1. We are unhappy when we try to control things or people we know we can't control.
If we spend our life trying to control a person or thing that we have no control over then we feel powerless. If we get angry and frustrated because we have no control we could even feel despair and helplessness. If we feel a sense of loss then we feel grief. If we cannot control something then we have to surrender to the notion that we must let it go and move on or simply stop trying to control things. When the ego gets scared it holds on and tries to be in control. It is a automatic safety mechanism within us. The more we hold on the more pain we feel. This pain is fuelled by fear. Fear of loss, fear of not having something whether it is a relationship or event in our life that we desperately want to happen.
2. We are unhappy when we do not honour our Self.
When we dishonour our Self we fail to act in a way that is with love and care for our Self. This may be reflected in the fact that we fall short in our efforts to perform or achieve something and we let our self down. Or it may be a scenario where we do not stand up for our self and we feel angry inside because we undervalued our self.
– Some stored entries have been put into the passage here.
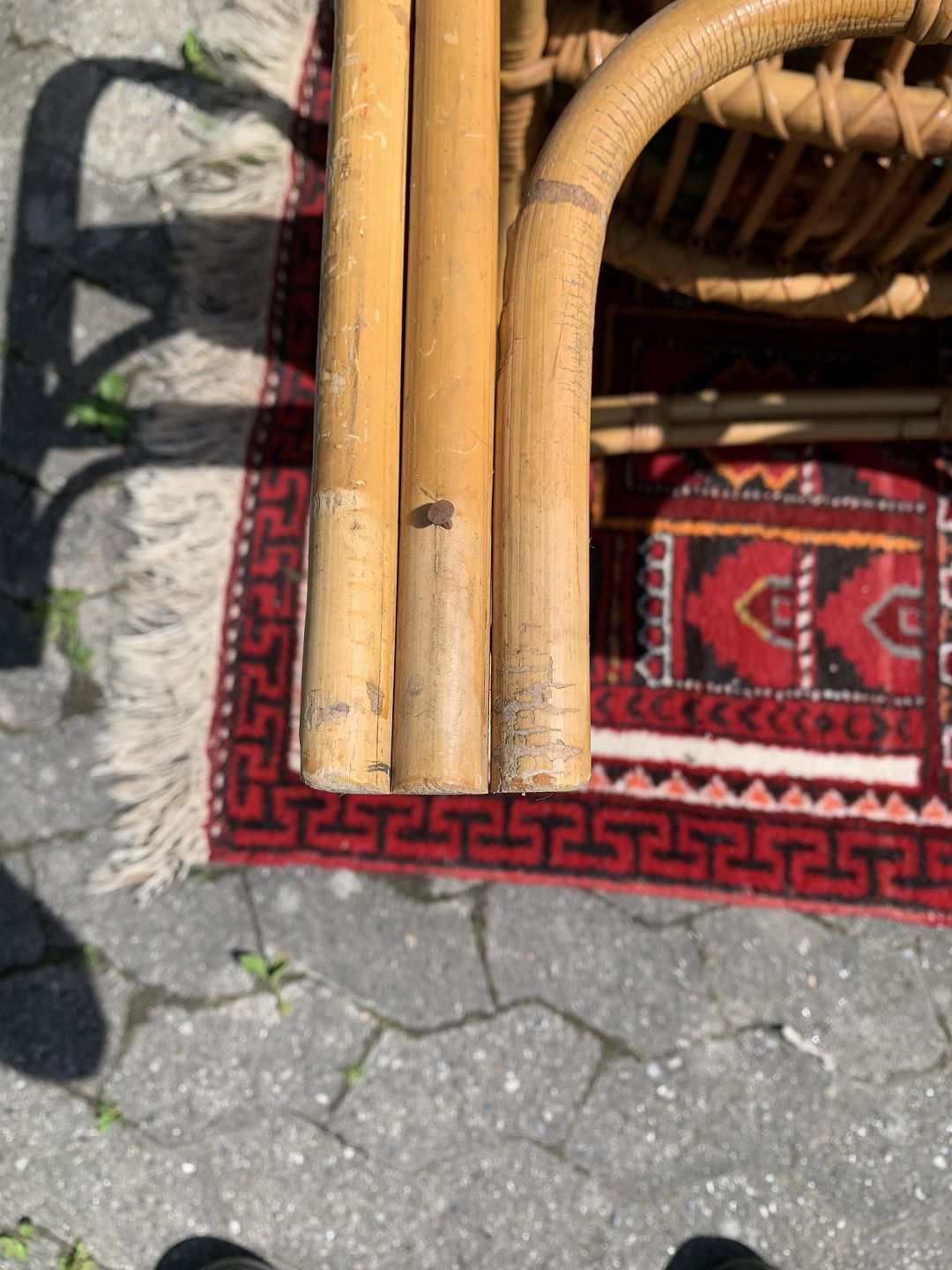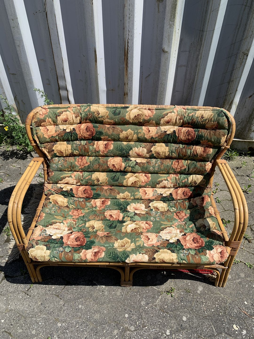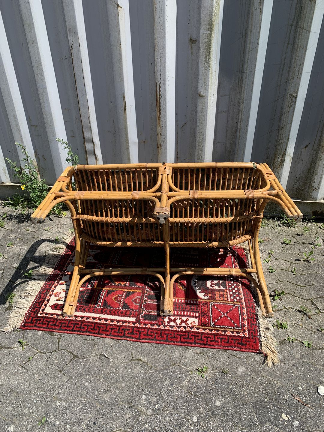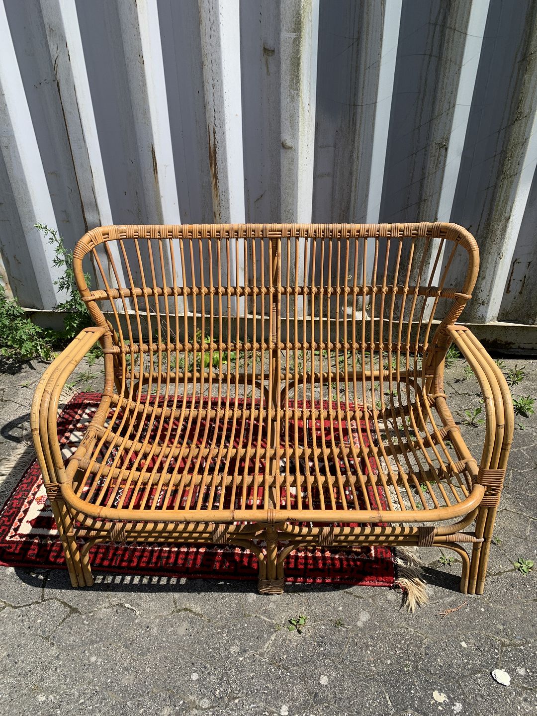 Bambus sofa med hynde, fra 1960-1970erne. Den har brugsspor og små defekter. Ryghøjde 85cm Sædehøjde 42cm Bredde 113cm Dybde 60cm Emne nummer: 76918
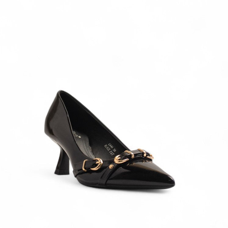 Europeon Union Women Black Vernis Leather Heels #3331
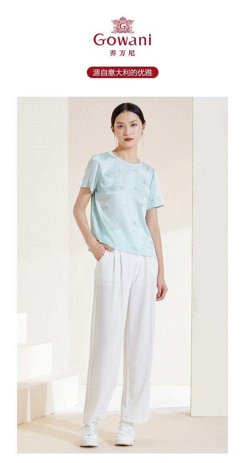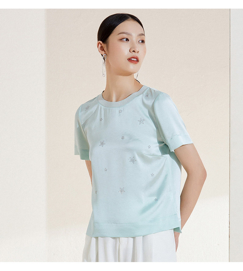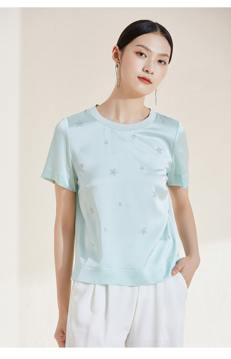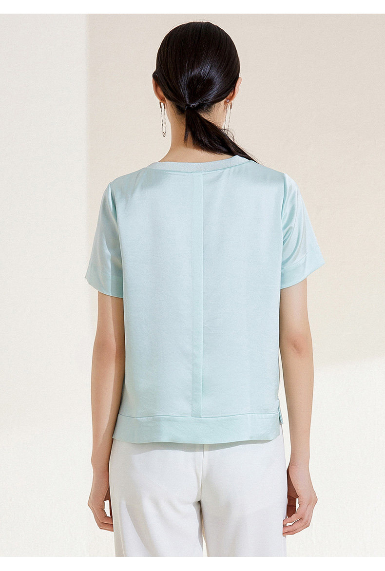 【三醋酸】乔万尼新款三醋酸缎面衬衫短袖衬衣休闲上衣EI2C756
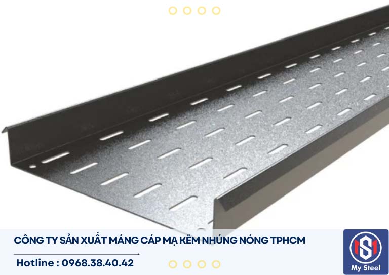 - Máng cáp mạ kẽm nhúng nóng đột lỗ là sản phẩm được gia công đột lỗ nhỏ trên bề mặt giúp thông gió, thoát nhiệt cho dây cáp điện, giảm trọng lượng và dễ dàng cố định cáp bằng dây rút. Đây là loại phổ biến nhất cho hệ thống cáp điện và cáp điều khiển.
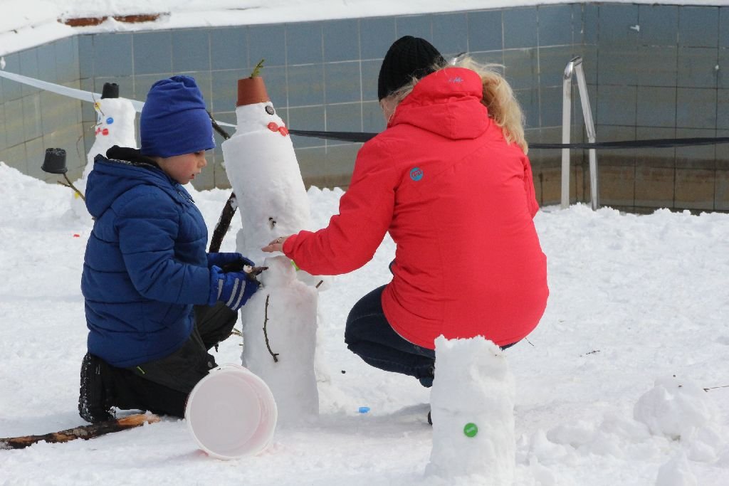 Hó, az viszont lehetett volna több is. A kicsiknek szervezett hóemberépítő versenyhez eleve műanyagvedreket is adtak a szervezők. A problémát ugyanis nem annyira a „hogyan” képezte, hanem az, hogy miből építs hóembert. Végül a szorgalmas apróságok összeraktak vagy húszat, legtöbbjük a fél méter magasságot sem érte el, de az adott körülmények között teljesítményük legalább azzal ér fel, mint amikor 2011-ben 118 hóember sorakozott a sípálya tövében.
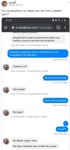 Durante la conversación con el responsable de la casa, le avisó que iría junto a uno de sus mejores amigos. Esto despertó la curiosidad de su interlocutor, quien preguntó: “¿Son gays?”, a lo cual Alexis lo confirmó y recibió la contundente respuesta: “No le alquilo a gays, chau”. Además, aseguró que esta prohibición se debía a que “mis hijos chiquitos viven al lado de la casa”.
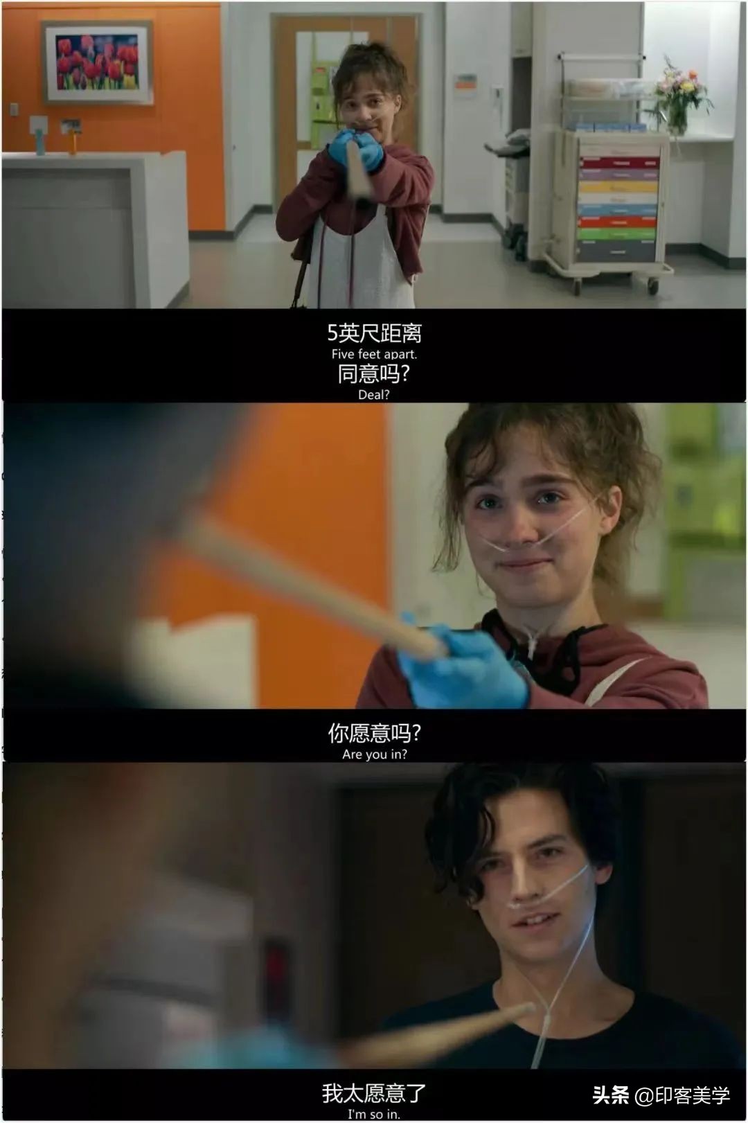 她不顾一切拉着威尔的手打破五尺距离,他们在冰面上自由牵手,滑行。
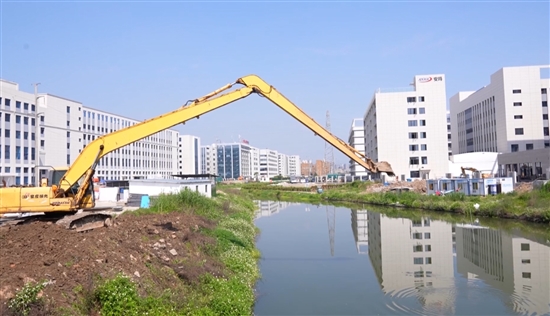 当天上午,在该镇南河湫河道港口大道段,一台挖机正忙碌作业,机械铲斗不断伸入河底,将淤泥铲出并堆放在河岸边,为后续清运做准备。据了解,南河湫河道是连接温瑞塘河和中塘河的重要水路,传统龙舟活动期间,塘下镇中心区的龙舟都会借道此处前往中塘河进行竞渡。然而,水利部门和塘下镇的干部在日常巡逻中发现,该河道桥下段淤积严重,龙舟集中驶过时存在挂底、侧翻等安全隐患。问题上报后,市水利局迅速响应,立即组织挖机开展清障工作,为龙舟活动保驾护航。

It may be that we procrastinate on making a change in our life when we know we really need to, or that we have made poor decisions that are leading us in the wrong direction. All these different cases mean that we are either consciously or unconsciously not honouring our Self.
3. We are unhappy when we over-react and hurt other people.
There are times when we fail to do the right thing by others and this can eat away at us like a slow sore that makes us feel angry. Angry perhaps that we were out of line or did not act when we should have for the sake of someone else. Guilt is the emotion we usually feel when we have wronged another or not performed when we know we should have. When we are guilt-ridden it is very difficult to feel happy. We must transform the guilt and forgive our self. There are always positives with every 'negative' event for all parties involved.
4. We are unhappy when we feel unsupported in life.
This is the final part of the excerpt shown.